Output, exactly and with no pictures, the line that contains "Девушка собирает цветы" and every line that comes after it in the data below, the last one included.

→ Collected material:
- Opening Delimiter -

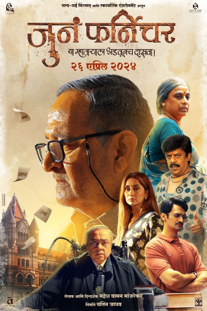 सत्य – सई फिल्म्स आणि स्कायलिंक एंटरटेनमेंट प्रस्तुत ‘जुनं फर्निचर’ हा चित्रपट येत्या २६ एप्रिल रोजी चित्रपटगृहांत प्रदर्शित होणार आहे. काही दिवसांपूर्वीच या चित्रपटाचा टिझर लाँच सोहळा दिमाखात पार पडला. टीझरमधील महेश मांजरेकर यांच्या करारी व्यक्तिरेखेची झलक सर्वांनीच पाहिली. आता या चित्रपटातील इतर कलाकारही समोर आले आहेत. नुकतेच या चित्रपटाचे पोस्टर सोशल मीडियावर झळकले असून यात महेश मांजरेकर यांच्यासोबत मेधा मांजरेकर, उपेंद्र लिमये, भूषण प्रधान, अनुषा दांडेकर आणि सचिन खेडेकर दिसत आहेत. पोस्टरमध्ये न्यायालय, न्यायधीश आणि काही कागदपत्रे दिसत आहेत, ज्यावर न्याय, हक्क, कायदा लिहिलेले आहे. त्यामुळे आता ही कोणती लढाई लढली जाणार आहे, याचे उत्तर प्रेक्षकांना चित्रपट पाहूनच मिळणार आहे.
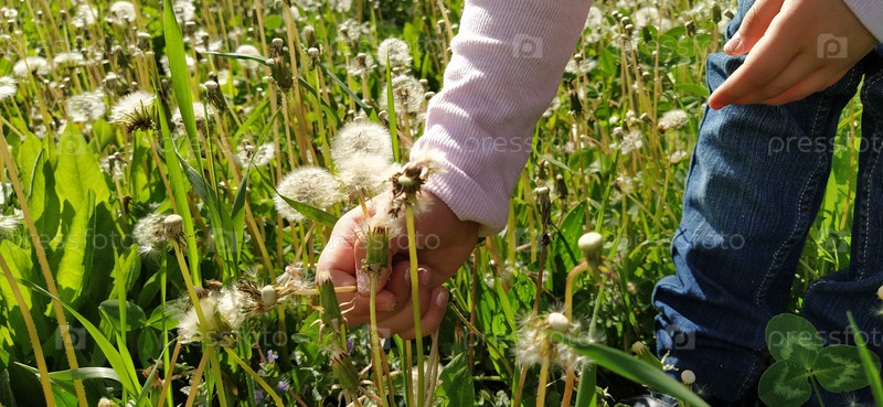 Девушка собирает цветы на лугу. Рука и нога в кадре. Одуванчики с белыми пушистыми семенами. Детская рука и пальцы. Зеленая трава на поле и луговые цветы. Солнечное освещение
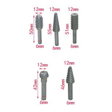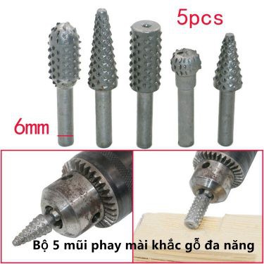 Bộ 5 mũi phay mài cắt gỗ đa năngChất liệu: Thép cacbon cứng, độ bền cao

- Closing Delimiter -

→ Your response:
 Девушка собирает цветы на лугу. Рука и нога в кадре. Одуванчики с белыми пушистыми семенами. Детская рука и пальцы. Зеленая трава на поле и луговые цветы. Солнечное освещение
 Bộ 5 mũi phay mài cắt gỗ đa năngChất liệu: Thép cacbon cứng, độ bền cao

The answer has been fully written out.